Motivation

I recently came across the Internet Equity Initiative by the Data Science Institute at University of Chicago. They have been studying how disparity in access to internet affects communities across Chicago. Since the pandemic started, we have been working and studying from home. It is critical to have access to not just internet but high-speed broadband internet so families can succeed in this new era of remote work/education. Technology can be a great equalizer but if any disparities exist, it can affect certain communities and put them at a disdvatnage. Microsoft's AI For Good team has been championing the issue of digital equity for a while. They relesed a study and dataset in 2019 that showed that 163M americans lack access to broadband internet, which was significanly higher than FCC's estimate of 25M.

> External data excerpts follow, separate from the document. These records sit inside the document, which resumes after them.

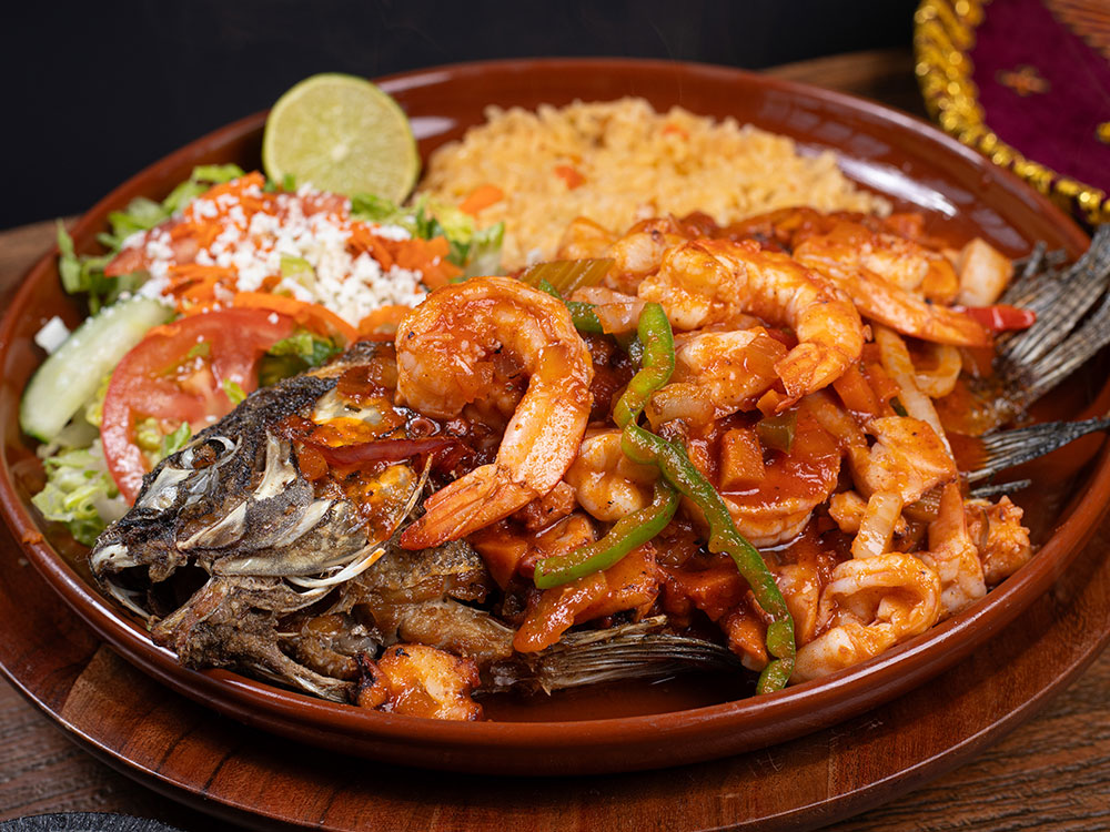 Whole tilapia fish, topped with sautéed shrimp, octopus, scallops,onion, red and green bell pepper simmered in red sauce. Served with rice, salad, pico de gallo and lime.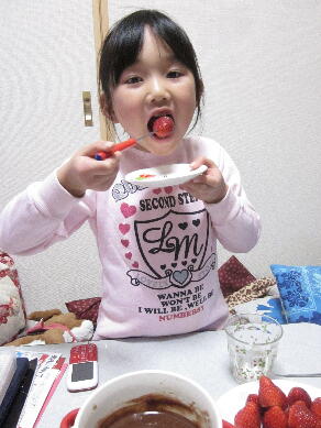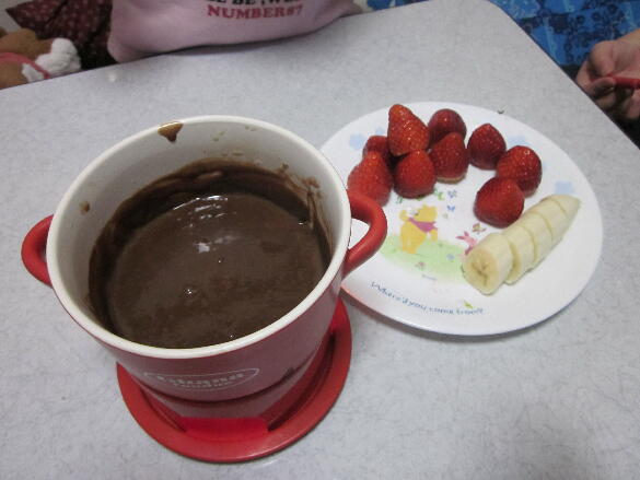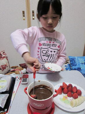 溶かしたチョコレートをたっぷりつけていただきます。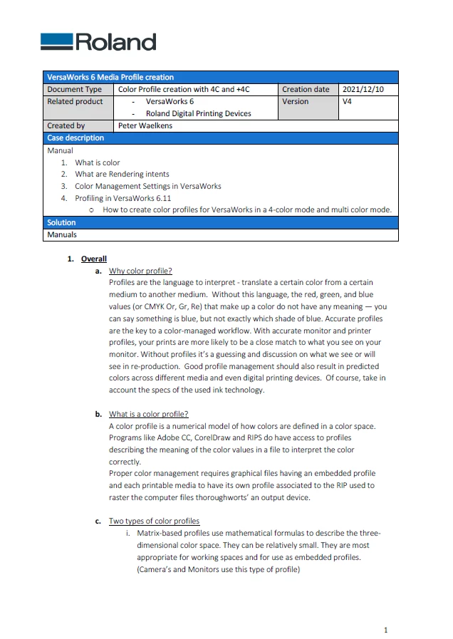 Roland Eco Solvent - Media Profile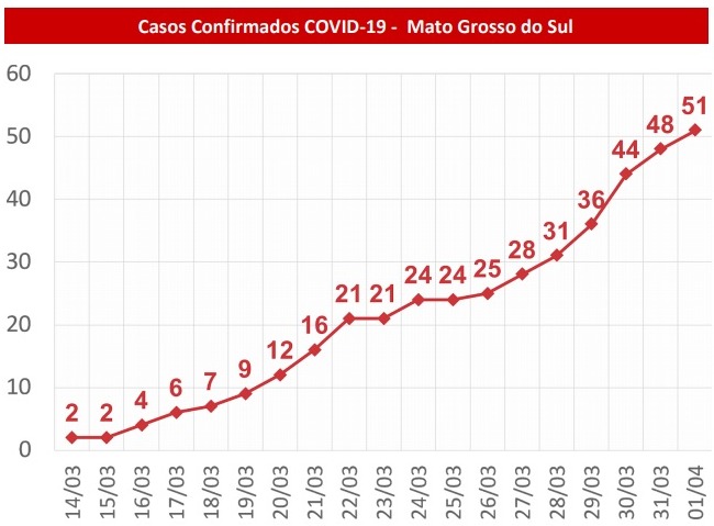 MATO GROSSO DO SUL – O Estado registrou até esta quarta-feira (1º) 51 casos confirmados de coronavírus, conforme boletim apresentado nesta tarde pela Secretaria de Estado de Saúde. O número representa um acréscimo de 3 casos sobre o total anunciado na terça-feira (31), quando foram confirmados 48 pacientes com a Covid-19. A secretária-adjunta de Saúde, Christinne Maymone, alertou, porém, que em uma semana, o total de casos confirmados duplicou no Estado.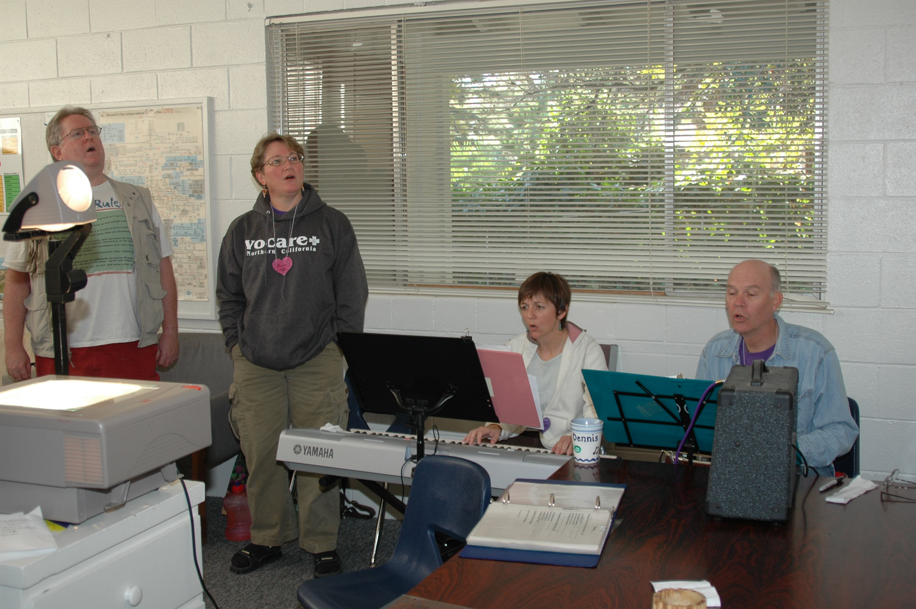 Singing at a young adults’ VOCARE retreat with Marcia, the Rev. John Mangels, and Dennis Engblom in 2006.

I was curious to find out myself how much inequality, if any, exists not just around me but also across the US.In their analysis Microsoft looked at zip code level data. I was curious about two issues:

  1. Does your access to broadband internet depend on where you in the US ?
  2. Does median income of a community matter ?

Note here I am interested in access to the internet. A household may have means to purchase high speed internet but that does not mean they have high-speed internet in their area. So I am interested at the aggregate level, how much disparity exists.

Data

I will be using the data provided by Microsoft's AI For Good team under its Open Data initiative. This was a privatized data to protect privacy. You can read more about the data collection and methods used here. This dataset has zip code, county id and broadband usage percentage. Margin of error is also available but I will disregard that for initial analysis. The usage number shows how many households in that zip code had access to high speed internet (25MBPS+). I will combine this data with the US census data from 2020 to understand the distribution of usage across different areas in US.

import pandas as pd
import numpy as np
import matplotlib.pyplot as plt
import seaborn as sns
import altair as alt
import statsmodels.api as sm
import statsmodels.formula.api as smf
from IPython.display import IFrame

Broadband Usage Data

broadband_data_path = 'https://raw.githubusercontent.com/microsoft/USBroadbandUsagePercentages/master/dataset/broadband_data_zipcode.csv'


def clean_bbdf(path):
    '''
    Import data and clean column names
    
    '''
    df = pd.read_csv(broadband_data_path)
    
    df.columns = df.columns.str.replace(" ","_")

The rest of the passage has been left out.